Part 4 — The orchestrating crew (10 min)
pipeline.py:
import argparse
import re
from pathlib import Path
from dotenv import load_dotenv
from crewai import Crew, Task, Process
from agents.researcher import researcher
from agents.writer import writer
from agents.fact_checker import fact_checker
from agents.publisher import publisher
load_dotenv()
Path("output").mkdir(exist_ok=True)
def slugify(title: str) -> str:
s = re.sub(r"[^\w\s-]", "", title.lower())
return re.sub(r"[\s_-]+", "-", s).strip("-")[:80]

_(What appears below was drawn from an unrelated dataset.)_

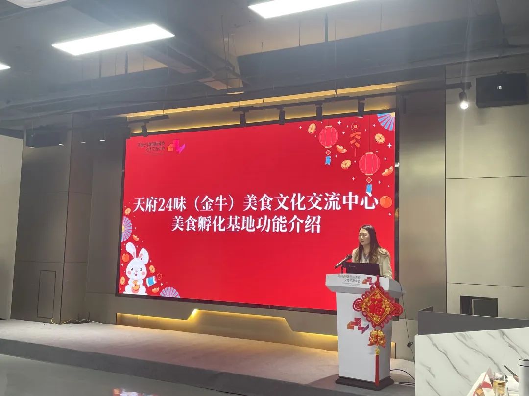 随后,天府24味(金牛)美食文化交流中心基地运营负责人王安祺详细地为大家介绍了美食孵化基地功能,打造涵盖美食直播、品牌孵化、预制菜展销、新品发布及会议、菜品研发、大师课堂、青少年食育教育、党群服务、宵夜啤酒、专业比赛、节庆活动等多元化的文化体验和餐饮消费新场景。

def build_crew(topic: str) -> Crew:
research_task = Task(
description=(
f"Research the topic: '{topic}'.\n\n"
f"Deliverable: a structured brief containing:\n"
f"1. 3-5 key findings (one sentence each)\n"
f"2. 6-10 source citations in format [N] Title — URL\n"
f"3. Any claim you flag as 'potentially unreliable' (round numbers, recent dates, superlatives)\n\n"
f"Prioritize sources from the last 90 days. Avoid aggregator blogs — go to primary sources."
),
expected_output="A research brief with findings, cited sources, and flagged claims.",
agent=researcher,
)
write_task = Task(
description=(
"Using the research brief from the Researcher, draft a 1500-2000 word blog post.\n\n"
"Structure:\n"
"- TL;DR: 3 bullets\n"
"- 3-5 H2 sections, each ~300 words\n"
"- Concluding 'What to watch' section\n\n"
"For every numerical claim or date, include a [^N] inline citation and list "
"the matching footnote at the bottom using the Researcher's source URLs. "
"Do NOT invent claims not supported by the research brief."
),
expected_output="A complete markdown blog post with inline citations and a footnote block.",
agent=writer,
context=[research_task],
)
factcheck_task = Task(
description=(
"Review the draft from the Writer. For EVERY [^N] citation:\n"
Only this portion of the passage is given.